Regular visitors here at Speculative Faith know that we are expanding our vision and purpose. With the addition of the Spec Faith Library, we are offering a resource for readers looking to find books in our genre — Christian speculative fiction.
In fact, we’re working on other resources, too — articles we think might be helpful and books we can suggest to different people depending on their level of interest.
But as we move in this direction, I think a word of caution might be in order. Or several words. 😉
First, no book is “safe.” Within the pages (even screen pages) of every book resides ideas. Apart from the Word of God itself, these ideas are generated by a sinful human being. If the author is a Christian, he would presumably be aligning those ideas with God’s truth. But ought we to presume such a thing?
Can Christians be followers of Christ in name only? Can Christians be self-deceived or swayed to believe (and repeat within their stories) false teaching?
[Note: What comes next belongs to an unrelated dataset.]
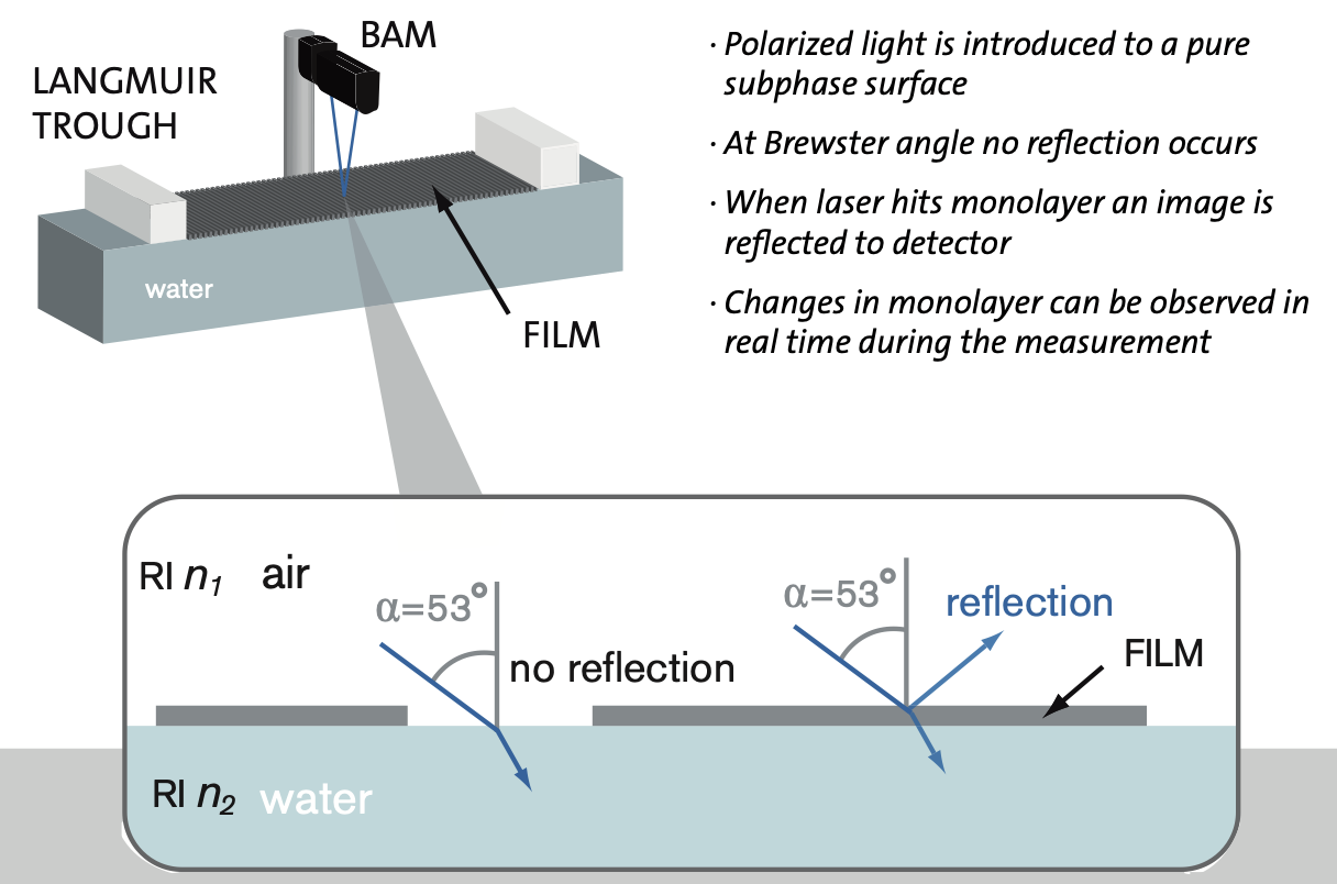 Brewster angle microscopy (BAM) is a powerful surface-sensitive technique that takes advantage of the Brewster angle phenomenon. At the Brewster angle, p-polarized light is completely transmitted through an interface, resulting in zero reflection. However, if there are molecules or thin films present at the interface, they will disturb this condition and create a reflection that can be detected.

Scripture would indicate so. (See the parable of the wheat and the tares in Matthew 13:24-30.)
Consequently, books that purport to be stories containing Christian truth must be examined as closely as any other to see if the ideas within are consistent with God’s revelation.
Note, I am not saying that books showing sinful human behavior are not consistent with God’s revelation. In fact, the opposite is true. God’s Word reveals Mankind’s sinful state. A story that does not show man as a sinner would be more suspect than one that does.
A second word of caution is this: A recommendation is one person’s opinion. Of course, some people have credentials that make their opinion seem more valid than others. The opinion of doctors, for example, carries more weight regarding a medical condition than would that of a group of business executives.
Hence, people writing Christian fantasy, for instance, would presumably have some ideas about what makes a fantasy Christian and what makes a story well-written. But there’s that pesky “presumably” again. Nothing about book recommendations is certain, and therefore they should not be taken as absolutes.
We can conclude that one factor to consider when looking for recommendations is the person’s credentials — what makes this individual’s opinion something others should listen to? Of equal importance to a list of qualifications, is some idea of what the person giving recommendations believes.
Years ago, when one of the first movie recommendation programs came on TV, I quickly learned that the reviewers looked at movie content differently than I did. As a result they gave thumbs up to stories espousing values I opposed. With that understanding, I could then more accurately consider their recommendations.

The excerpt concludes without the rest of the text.